空腹時の筋トレは筋肉の合成を高めてくれる作用も研究結果で分かっているので、そこまで神経質にならなくてもよいのかと思います。

BCAAで対策を

それでも、長時間筋トレを続けていると長い時間負荷がかかり続け有酸素運動のようになることもあります。

BCAAを飲まれることで、筋肉が分解されて血中に出てくるBCAAではなく、飲んだBCAAで血中のBCAAの濃度が上がってエネルギーに変わるという効果が期待できます。
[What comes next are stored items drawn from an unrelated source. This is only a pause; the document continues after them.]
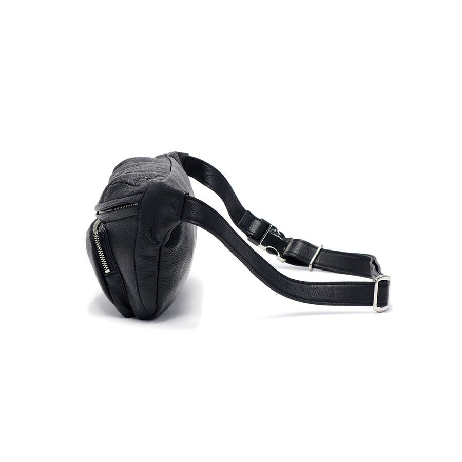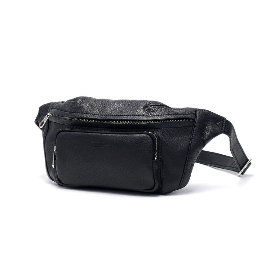 HERGOPOCHの使用するレザーで最もソフトなシュリンクレザーを使用した『TC/(TOCCABENE:トッカベーネ)』シリーズのウエストボディバッグ。本体は、長財布やスマートフォンがゆったり収まるサイズ感です。バッグ背面にはディテールを施していないため、体にしっかりフィットし快適に持ち運びいただけます。
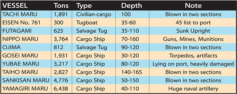 The geography of Truk made the perfect site for a naval base of the WW II era. The 40-mile diameter lagoon is encircled by shallow reef nearly 140 miles in circumference. At those distances, Japanese warships within the lagoon could stay outside the range of allied naval fire. The five navigable passes into the lagoon were strongly protected by artillery on flanking islands, and most were heavily mined. Navigation over the reef was impossible. Depths within the lagoon exceed 240 feet, providing plenty of mean water for ship and submarine navigation. Approximately 245 volcanic islands dot the lagoon, some with elevations in excess of 1500 feet. These islands were prime locations for airstrips, surface ship and submarine repair bases, troop barracks, bulk fuel storage, and radio communications. Most were heavily armed with antiaircraft weaponry.
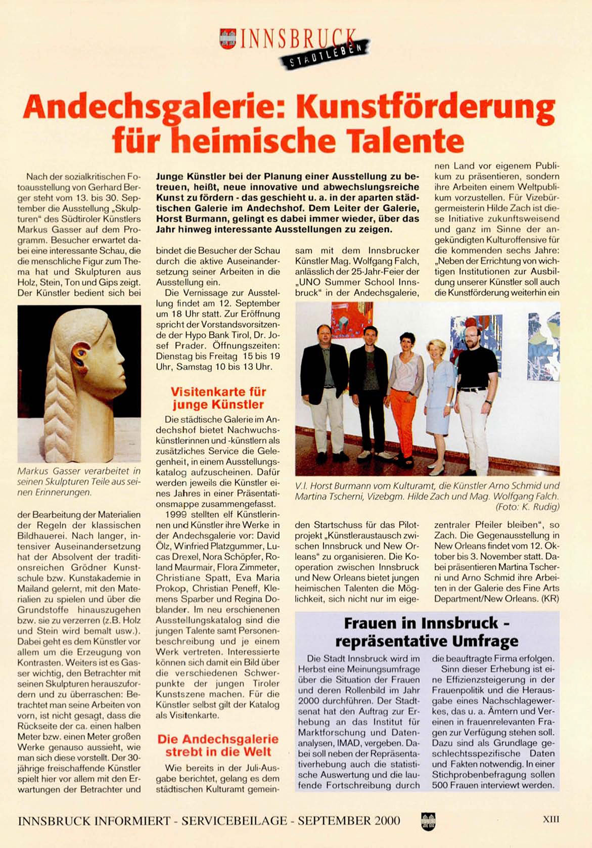 i,,", strtil vom 13. bis 30. September die Ausstellung „Skulpturen" des Südtiroler Künstlers
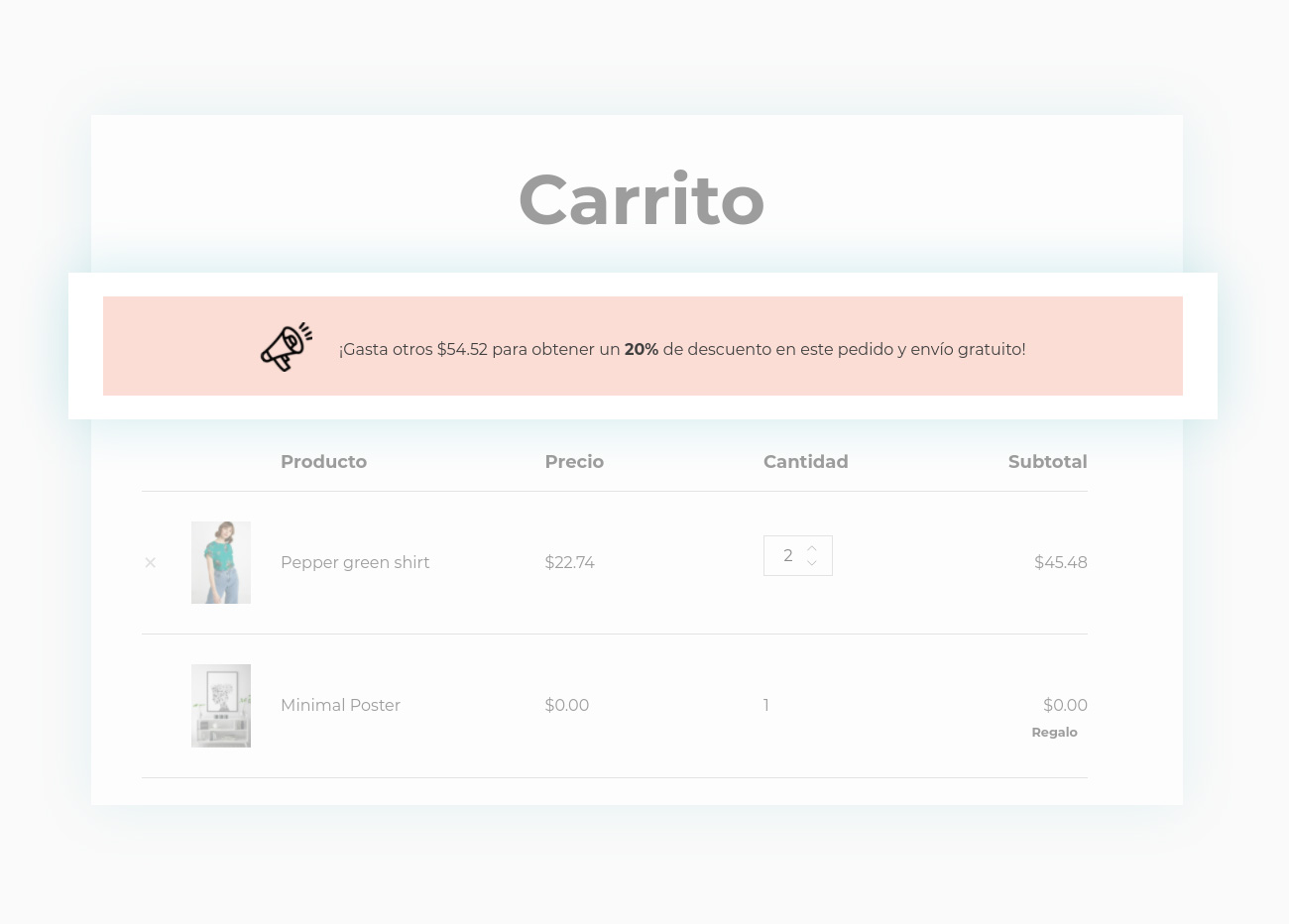 Mostrar mensajes dinámicos en el carrito para animar a los usuarios a gastar más y aprovechar los descuentos y el envío gratuito
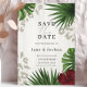 Anuncie o seu grande dia com este elegante cartão de Salve a Data de verde tropical. Com folhas luxuriantes de palmeira e monstera com sotaques florais suaves, este design é perfeito para um casamento de destino ou um tema botânico moderno. Personalize facilmente com seus nomes, data e local para torná-lo verdadeiramente seu.
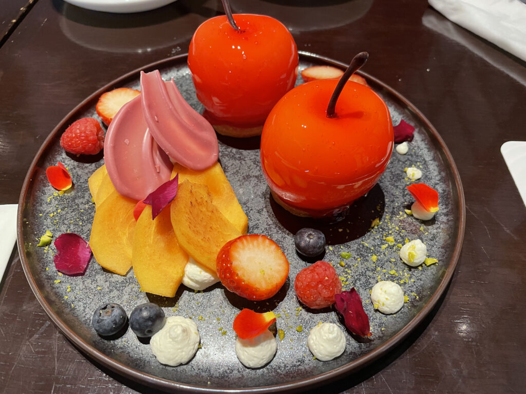 一番上のプレートは、リンゴのムースショコラ・フルーツ添え。
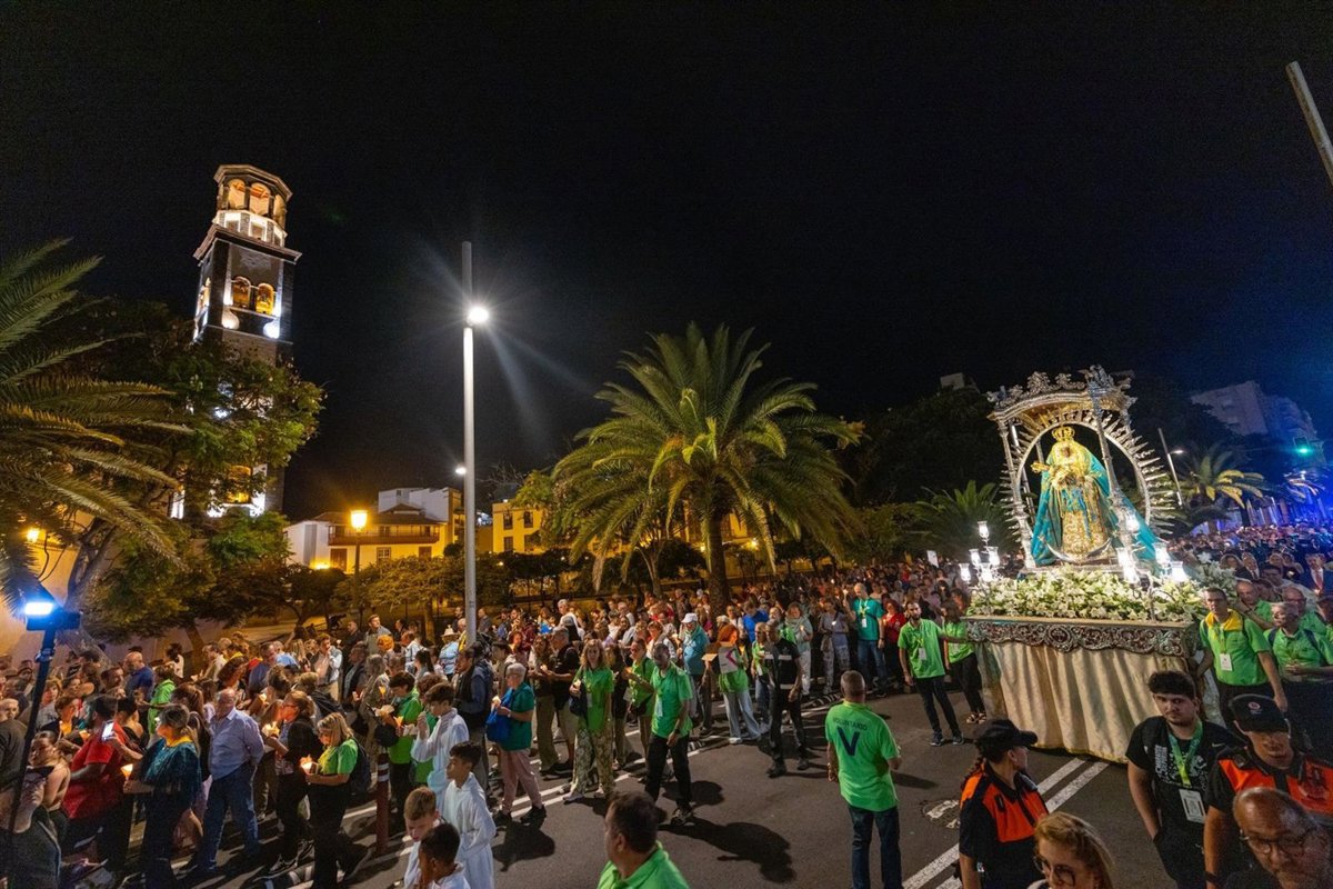 La imagen fue trasladada desde la Iglesia Matriz de La Concepción a la plaza de España para la celebración de una eucaristía de despedida, oficiada por el obispo de Tenerife, Eloy Santiago. la procesión de regreso se inició a las 22:00 horas de ayer, según ha precisado el consistorio capitalino en una nota de prensa difundida este sábado a los medios.
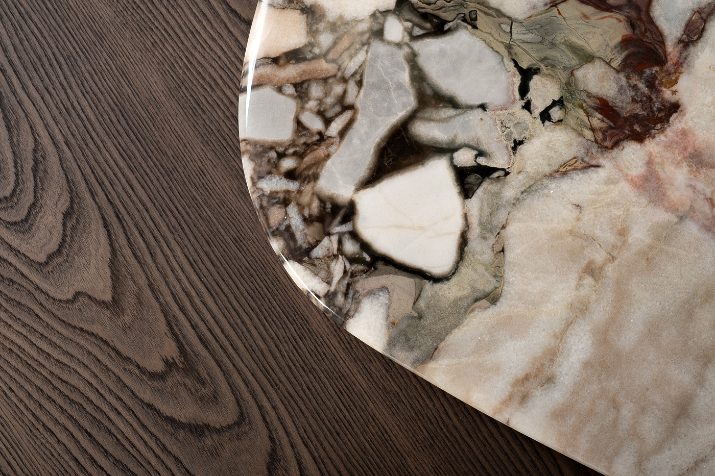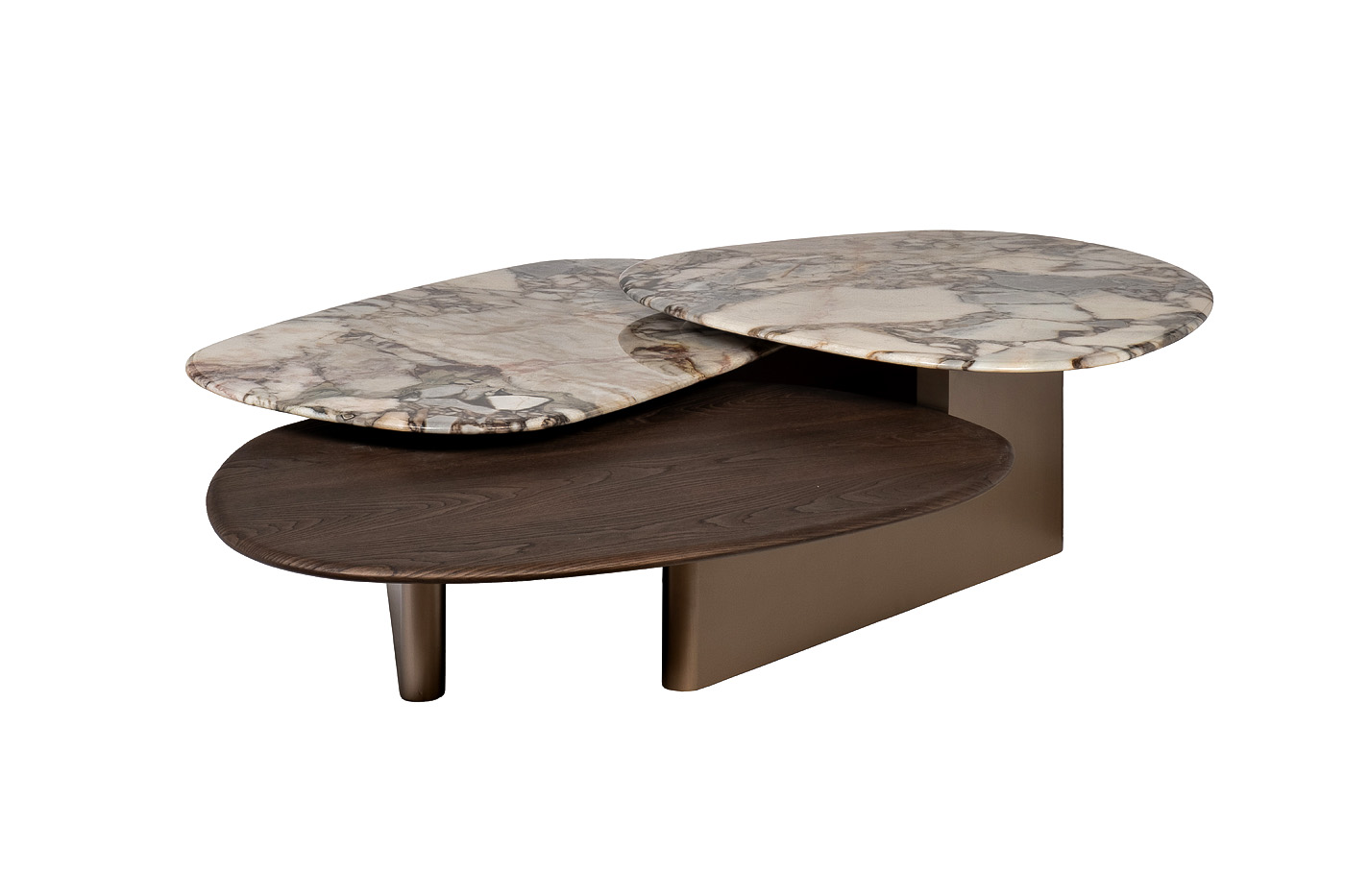 Необычный журнальный стол с тремя столешницами станет изысканным украшением современной гостиной или холла. Две столешницы выполнены из натурального мрамора светлого оттенка с красивым природным рисунком. Третья столешница, расположенная на нижнем уровне, изготовлена из МДФ, отделанного темным шпоном. Такое сочетание материалов и фактур выглядит очень эффектно и подчеркивает уникальность авторского дизайна.Столешница вырезана из натурального мрамора! Рисунок и цвет каждой столешницы индивидуален, неповторим и уникален!
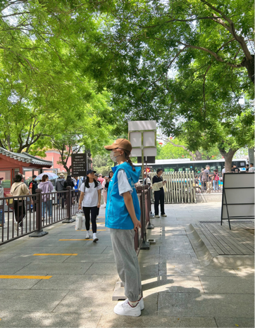 上午十一时,志愿者们准时到达集合地点等候。工作伊始,游客已经源源不断,领队为执勤组的志愿者们快速分好岗并带领他们到达指定地点开展工作。亭子旁、山脚下,一抹抹蓝色的身影在游客迷路时指路答疑,在通道堵塞时调整秩序。每位志愿者都明确自身职责,认真敬业,确保活动有序进行。
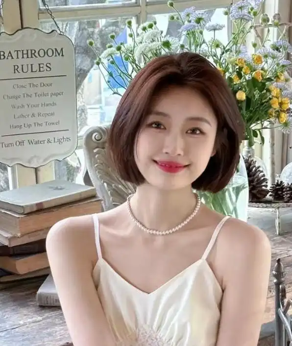 垂在耳后的短发是适合40岁以上女性的时尚发型.
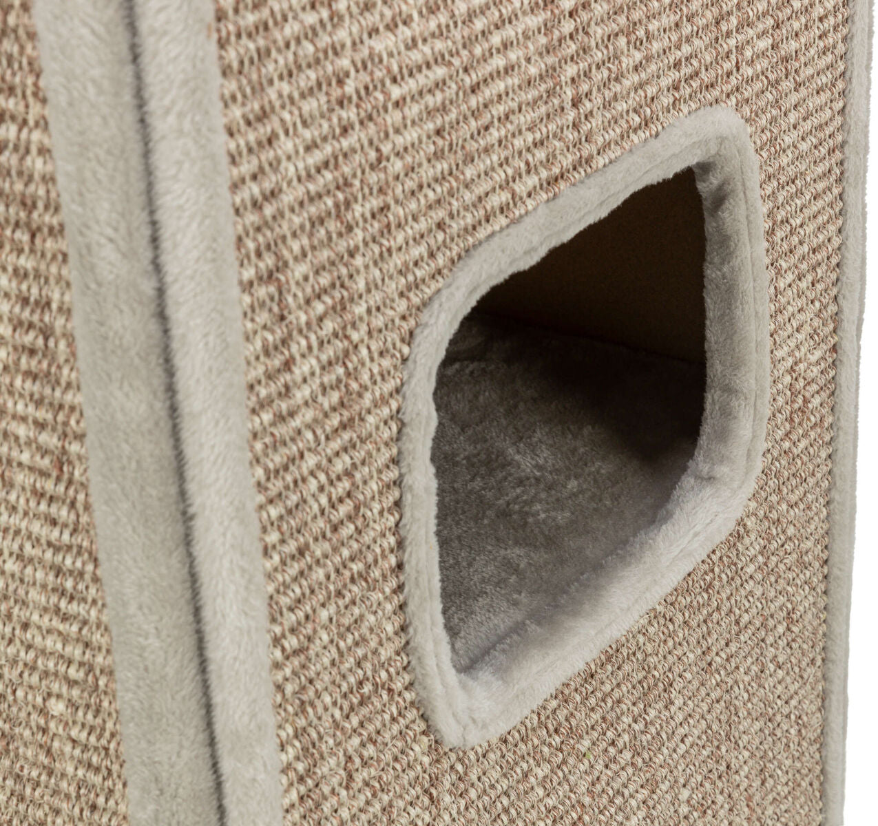 Beschreibung Trixie - Cat Tower Juno, grau – vielseitige Kratztonne mit Sisalkratzflächen und kuscheligem Wendekissen
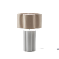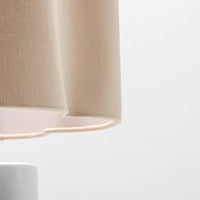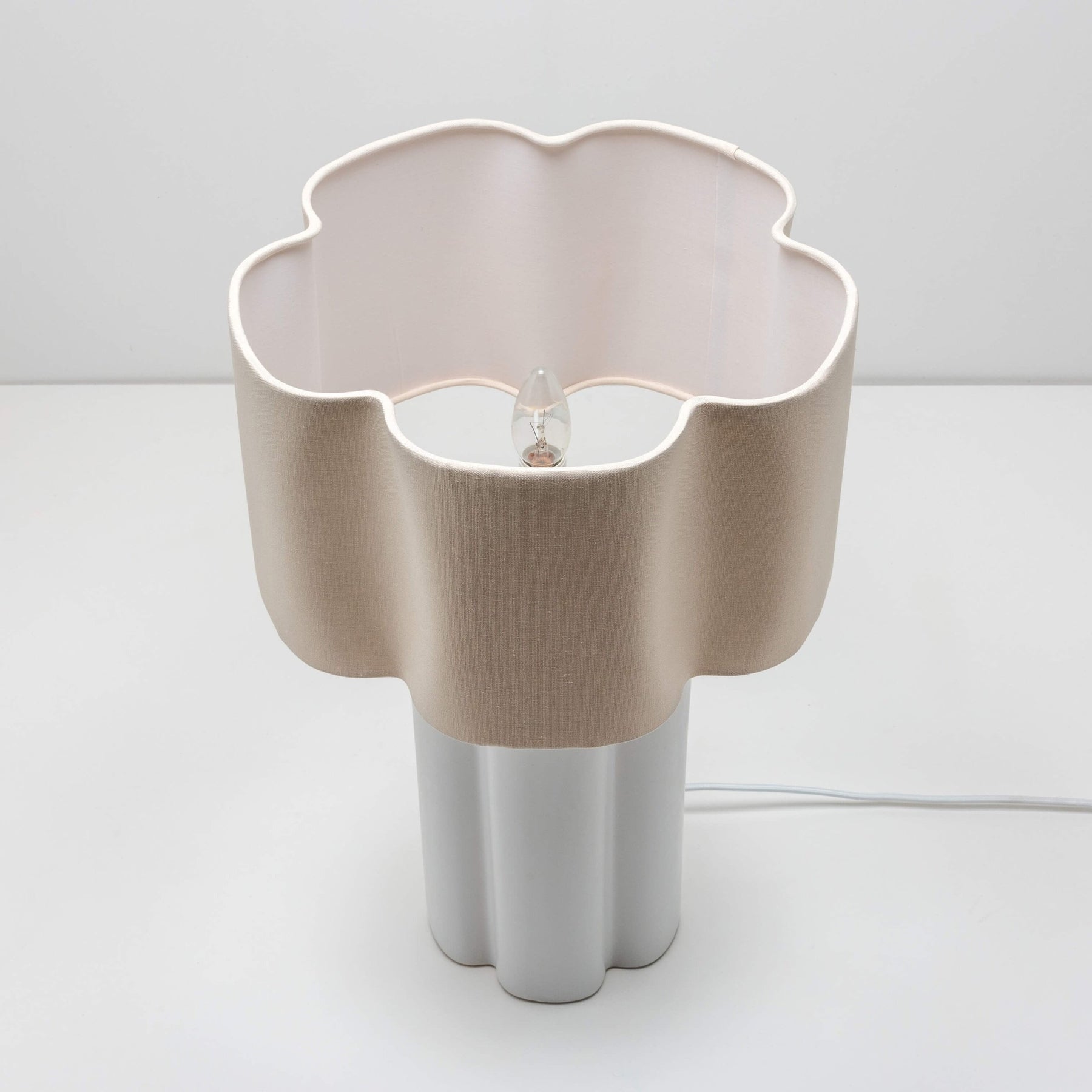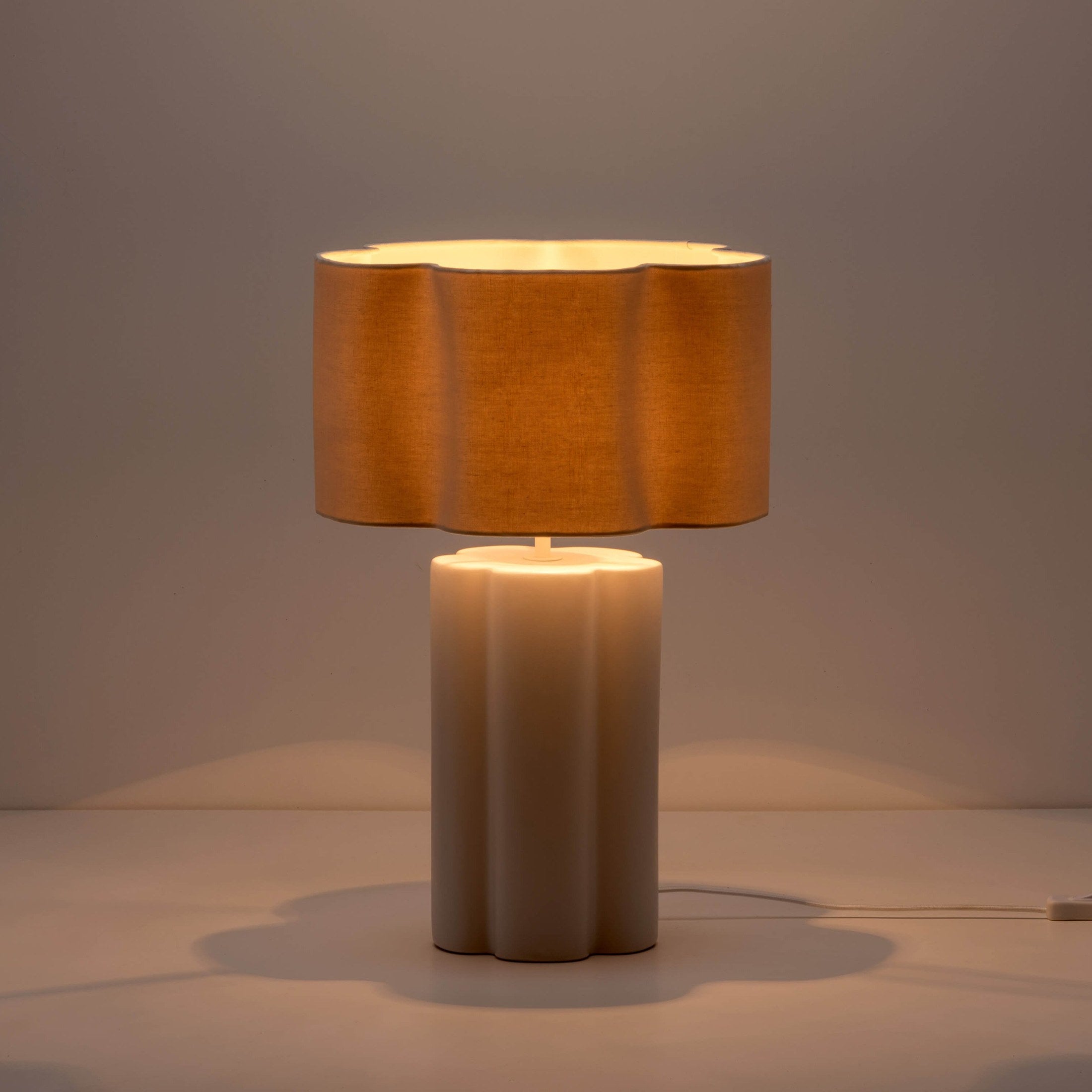 Soften your interior with the natural elements of ceramic and linen. The sculptural ceramic base complements the flower-shaped linen shade. Standing tall at 54cm, this table lamp will make a statement on a sideboard or create warmth in a hallway or bedroom

そのため、どうしても空腹時に筋トレをしたいけれど、筋肉の減少が怖いという方はBCAAを飲まれるとよいと思いますよ。

あとは、思いっきり筋トレして、筋肥大のためにプロテインをしっかり飲んでおけばいいと思いますよ。

まとめ

空腹時の筋トレについてメリット・デメリットをお伝えいたしました。

空腹時の筋トレ
  • メリット:筋肉の合成アップ、脂肪燃焼の期待、空腹感の減少
  • デメリット:パワーの減少
  • ※筋肉の分解は有酸素運動で起こり筋トレでは起こりづらい

空腹時の筋トレには意外と良い効果がたくさんあるので、けがには注意して行ってください。